Route information
- Maintained by New Brunswick Department of Transportation
- Length: 18.30 km (11.37 mi)
- Existed: 1999–present

Major junctions
- North end: Route 113 Lameque
- South end: Route 113 Little Shippagan

Location
- Country: Canada
- Province: New Brunswick
- Major cities: Pointe-Alexandre, Petite-Lameque, Pointe-Canot, Sainte-Cecile, Petite-Riviere-de-l'Ile

Highway system
- Provincial highways in New Brunswick; Former routes;
| ← Route 310 |  | → Route 315 |

= New Brunswick Route 313 =

Highway in New Brunswick, Canada

Route 313 is an 18 km north–south secondary highway in the northeast Canadian province of New Brunswick on Lameque Island.

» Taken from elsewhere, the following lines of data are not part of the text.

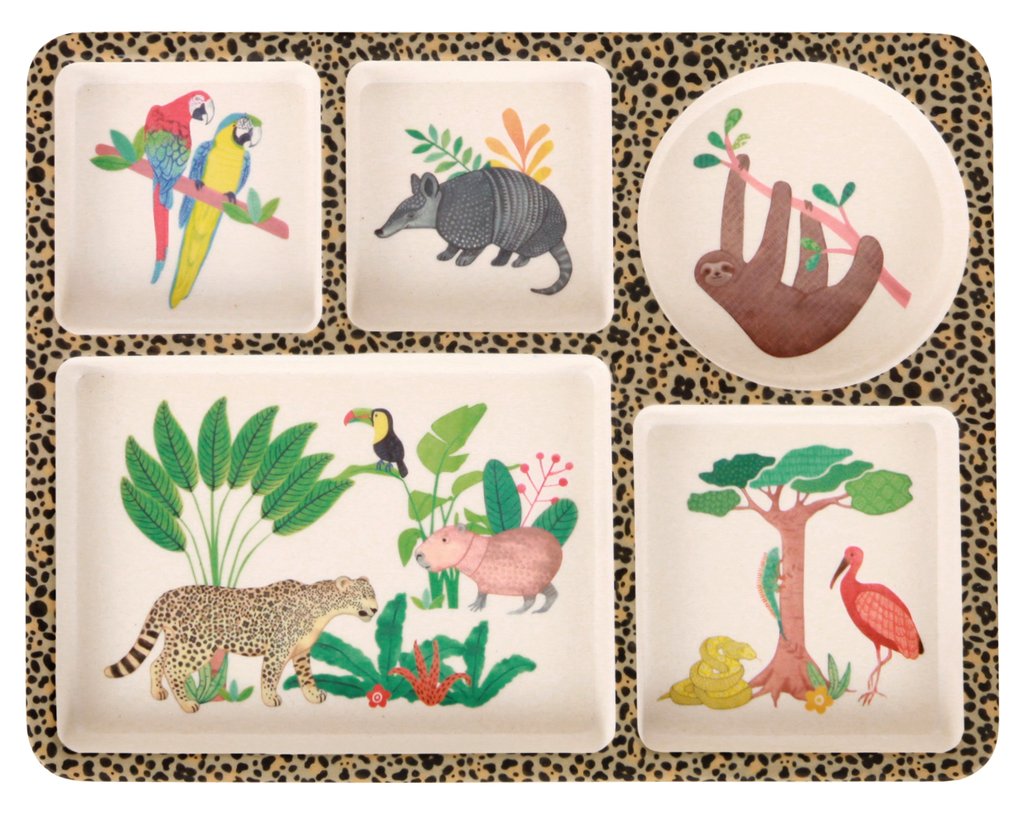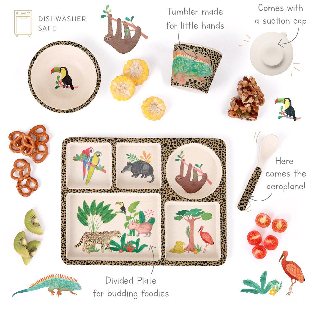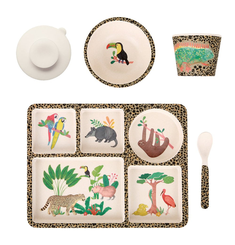This Love Mae dinner set is made up of 5 pieces of quality bamboo items that are perfect for you and your little love.
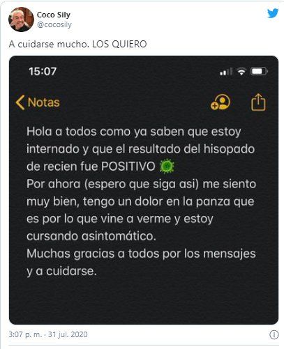 "El resultado del hisopado fue positivo. Me siento muy bien, tengo un dolor en la panza, que es por lo que vine a verme y estoy cursando asintomático", escribió el actor en su cuenta de Twitter respecto de su estado de salud. Además agradeció las muestra de cariño que recibió y pidió a sus seguidores que se cuiden.
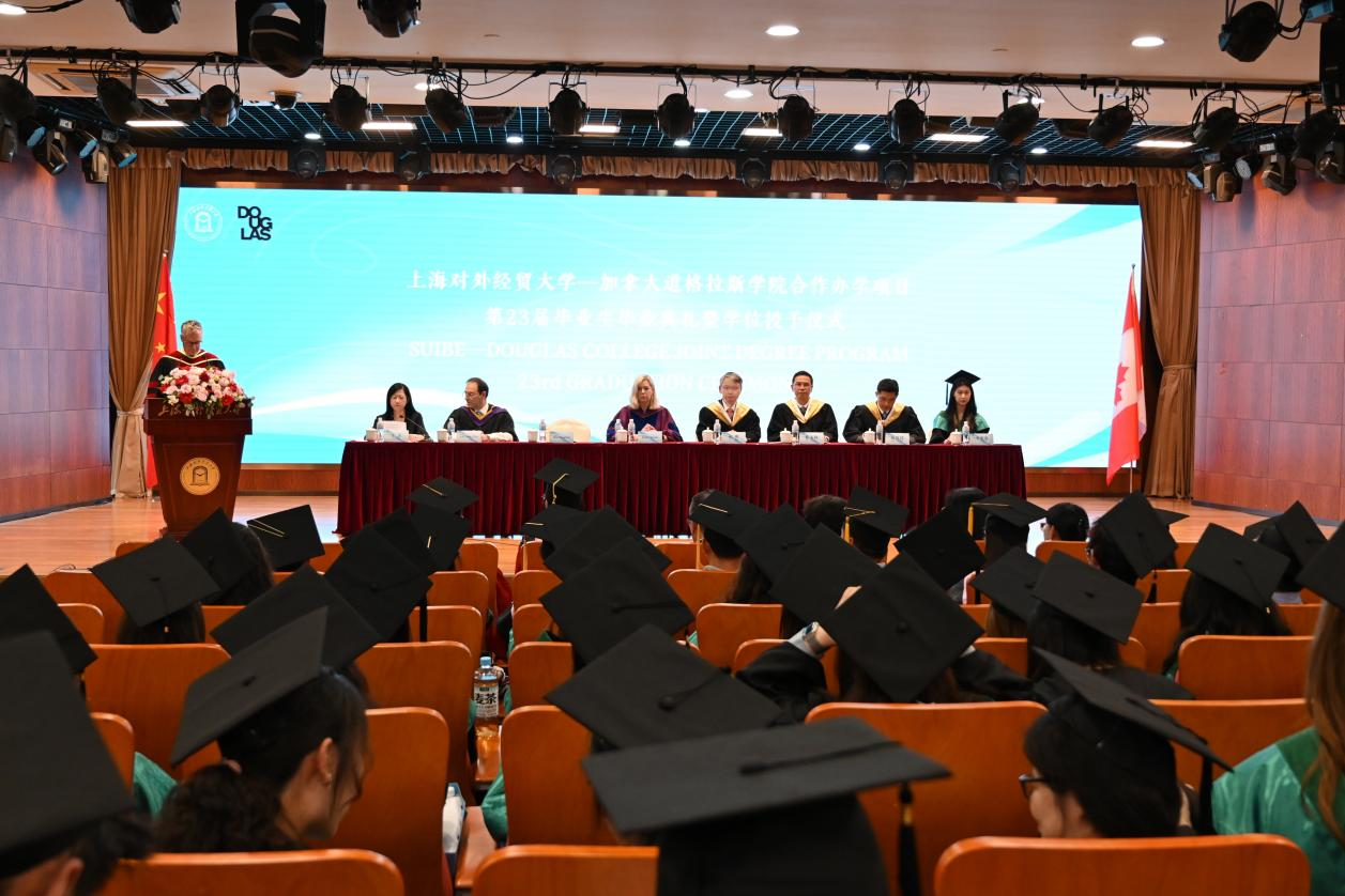 6月5日,必赢626net入口首页与加拿大道格拉斯学院第23届毕业生毕业典礼暨学位授予仪式在松江校区图文信息大楼507报告厅隆重举行。道格拉斯学院校长Kathy Denton、副校长Leonel Roldan-Flores、全球合作经理Jennifer Zhao、校长办公室名誉行政官欧阳光伟,必赢626net入口首页党委书记祁明、副校长徐永林、金融管理学院领导班子成员、中加合作教师代表、辅导员、学生家长代表以及第23届中加合作办学项目全体毕业生出席本次典礼。典礼由道格拉斯学院副校长Thor Borgford主持。
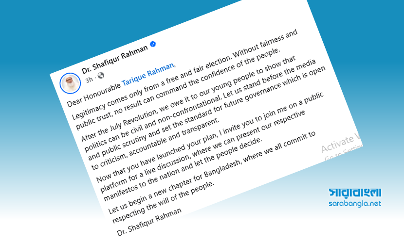 তিনি আরও লিখেছেন, ‘আপনি যেহেতু আপনার পরিকল্পনা ঘোষণা করেছেন, তাই আমি আপনাকে একটি উন্মুক্ত মঞ্চে সরাসরি আলোচনায় অংশগ্রহণের আমন্ত্রণ জানাচ্ছি। যেখানে আমরা জাতির সামনে নিজ নিজ ইশতেহার উপস্থাপন করব এবং জনগণই সিদ্ধান্ত নেবে।’
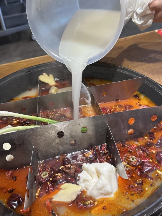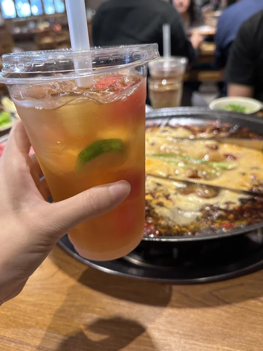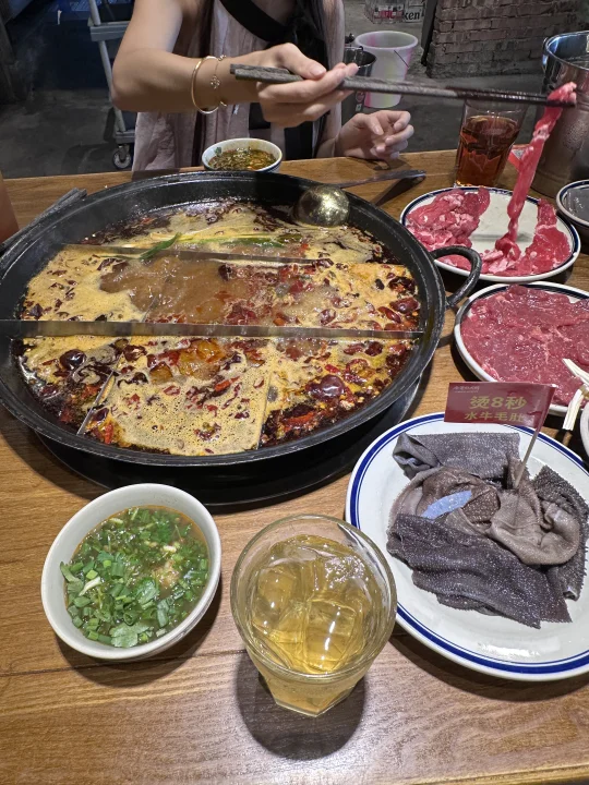 看到网上爆火的水火锅 很感兴趣 去吃了 全哥的火锅 锅底确实是加的这个高汤 菜也挺新鲜的 还有免费的冰粉和水果茶随便喝 这个胖胖的金针菇也是我的最爱 但是我觉得还是牛油和清油火锅香!!我要永远为他们举大旗!这个水火锅味道太淡了 比较适合吃不了辣 肠胃不好的人 有点像加了一点油的炖菜 实在太没吃火锅的感觉了火锅
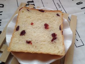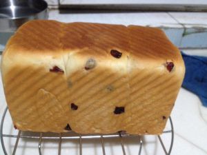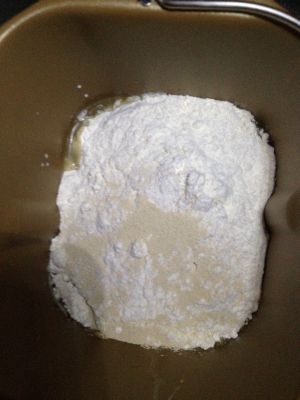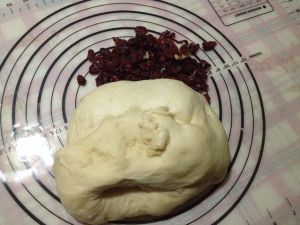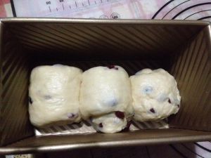把除蔓越莓外所有的材料都放到面包机桶内,开启和面程序,20+30和面,和好面后发酵至两倍大
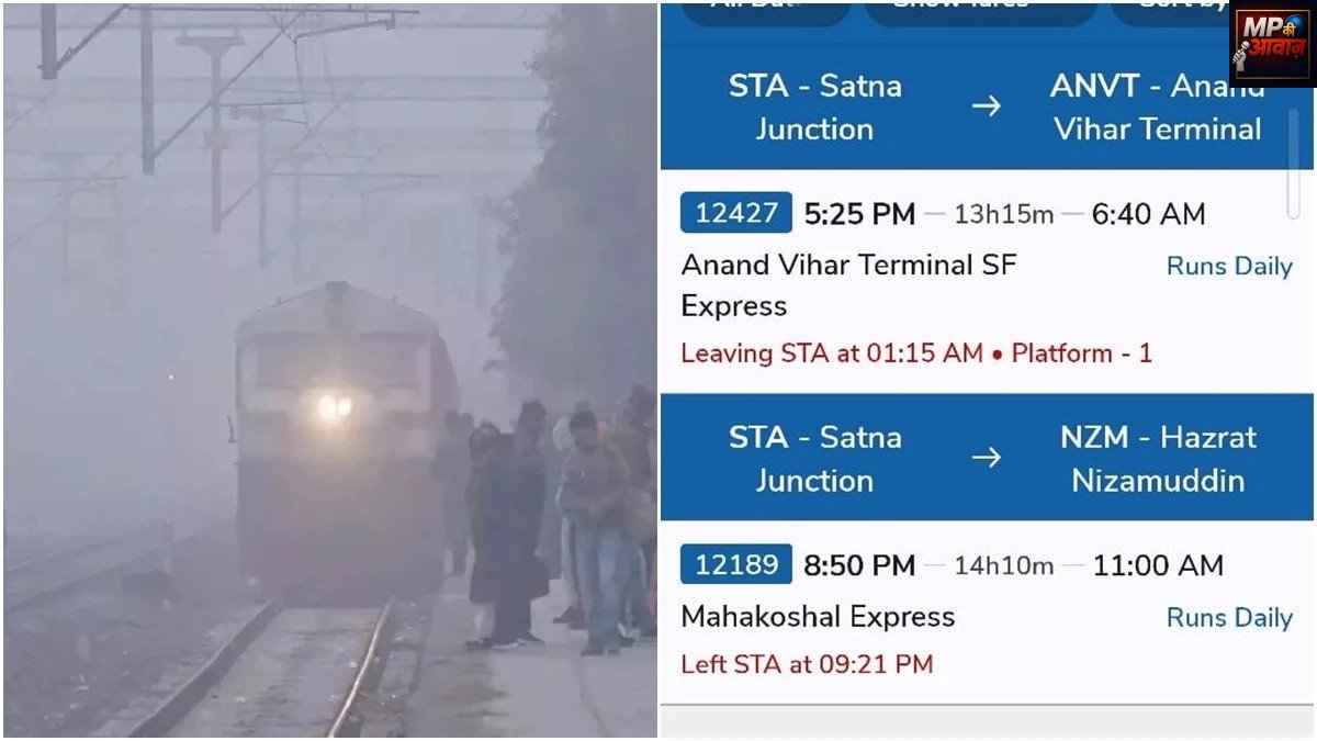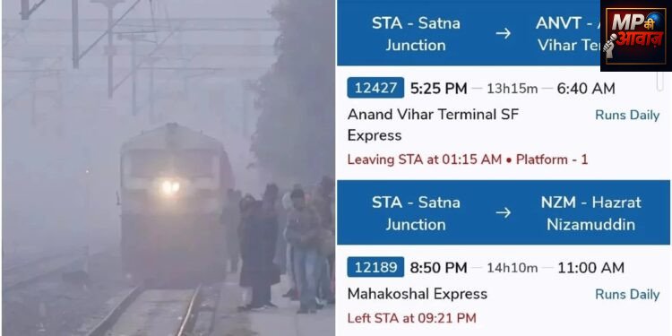 इधर कोहरें की वजह से अपने निर्धारित से समय बाहर से घंटे से ज्यादा समय से देरी चलने की वजह से सतना जंक्शन के प्लेटफार्म नंबर एक से अपने निर्धारित समय पांच बजकर पच्चीस मिनट पर आनंद विहार के लिए प्रस्थान करने वाली रीवा-आनंद विहार एक्सप्रेस ‘रेवांचल एक्सप्रेस’ गई ही नहीं यानि रेलवे के मुताबिक शाम पांच बजकर पच्चीस मिनट पर गुजरने वाली रेवांचल एक्सप्रेस आज रात करीब एक बजे के बाद ही आनंद विहार के लिए प्रस्थान करेंगी।
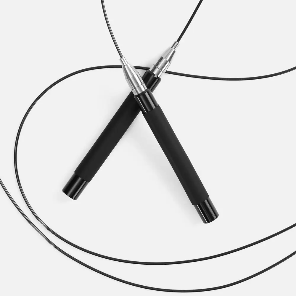Легкие эргономичные алюминиевые ручки обеспечивают удобный захват, а полиуретановое покрытие предотвращает выскальзывание. Трос с сердцевиной из стального кабеля с гладкой оплеткой из ПВХ не запутывается при скоростном кручении, обеспечивая высокий контроль и управляемость. Система поворотных подшипников, установленная в ручках скакалки, обеспечивает равномерное вращение шнура на 360°.

The route's southern terminus is near the center of Lameque Island, and it begins by running along the western coast of the island. The route (named Rue Principale) travels northwest through the town of Lameque. From here, the highway follows Chaleur Bay through the communities of Pointe-Alexandre, Petite-Lameque, and Pointe-Canot before turning northeast through the communities of Sainte-Cécile and Petite-Riviere-de-l'Ile. It ends at an intersection with Route 113 in the community of Little Shippagan.